Capping off with the announced retirement of AT&T’s chief lobbyist, Bob Quinn, the letter attributes its association with the president’s longtime personal attorney to a failure of in the “vetting process” of the company’s Washington, D.C., division.

General Counsel David McAtee will step in temporarily to fill Quinn’s role as senior executive vice president of external and legislative affairs.

Earlier this year as the Federal Communications Commission moved toward its eventual repeal of net neutrality, Quinn sparked concerns with a confusing company statement about prioritized content in which he said “concerns about paid prioritization” should not affect coveted technological advances like self-driving cars and remote surgery.
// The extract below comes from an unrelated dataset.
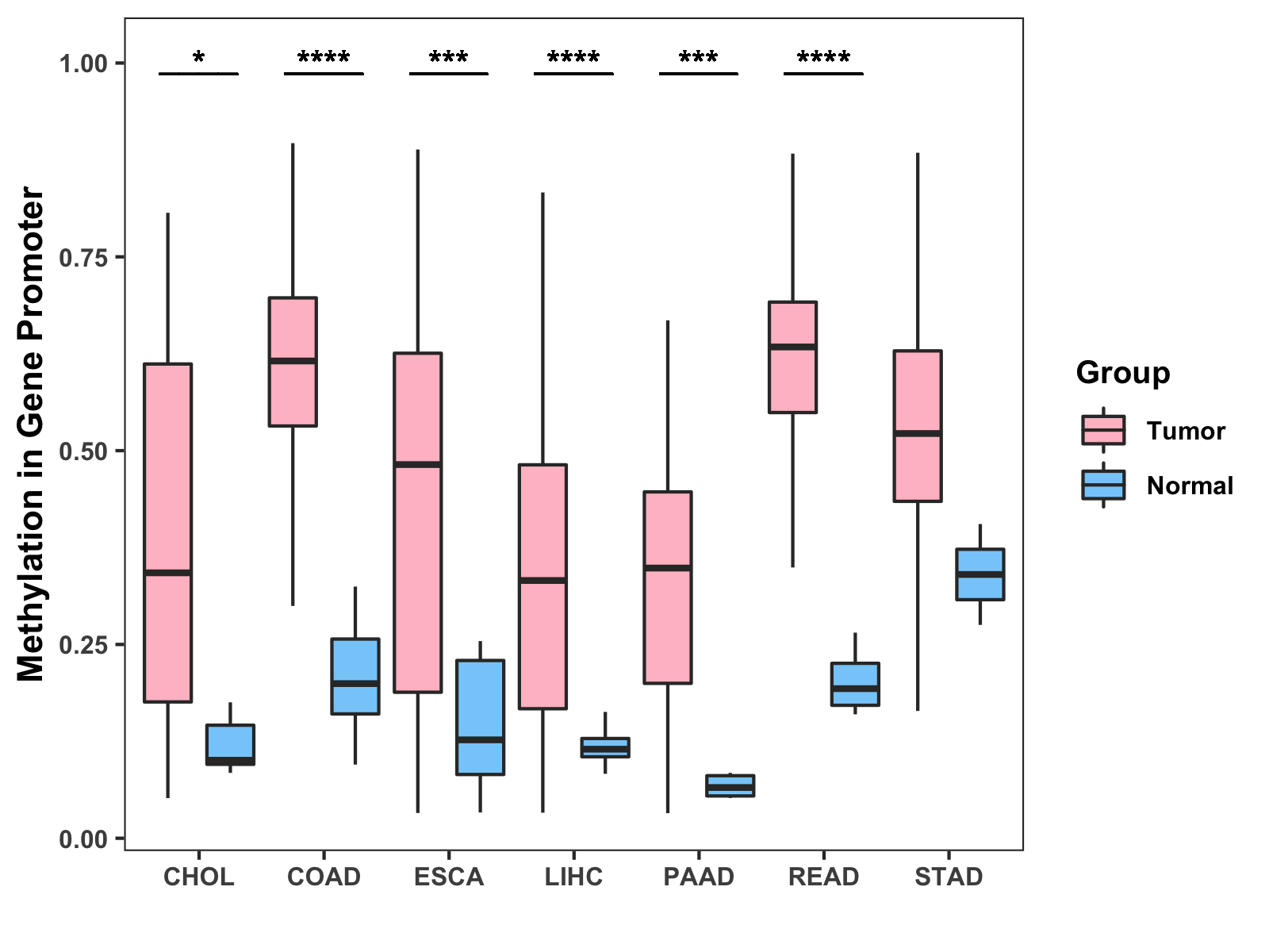 Boxplot of All Gastrointestinal Cancer ( * : 0.01-0.05 , ** : 0.005-0.01 , *** : 0.0001-0.005 , **** : < 0.0001 ) |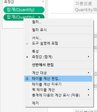 퀵 테이블 계산되어 있는 필드에서 -> 테이블 계산 편집

McAtee’s top priority, Stephenson said in the memo, will be to ensure that the company’s political partners in the future would be “people who share our high standards.”

The letter came on the heels of confirmation by AT&T Tuesday that it contracted with Cohen shortly after Trump’s inauguration for “insights into understanding the new administration.” The company kept Cohen through December 2017 and paid him through his shell company, Essential Consultants LLC.

“To be clear, everything we did was according to the law and entirely legitimate,” Stephenson wrote. “But the fact is, our past association with Cohen was a serious misjudgment.”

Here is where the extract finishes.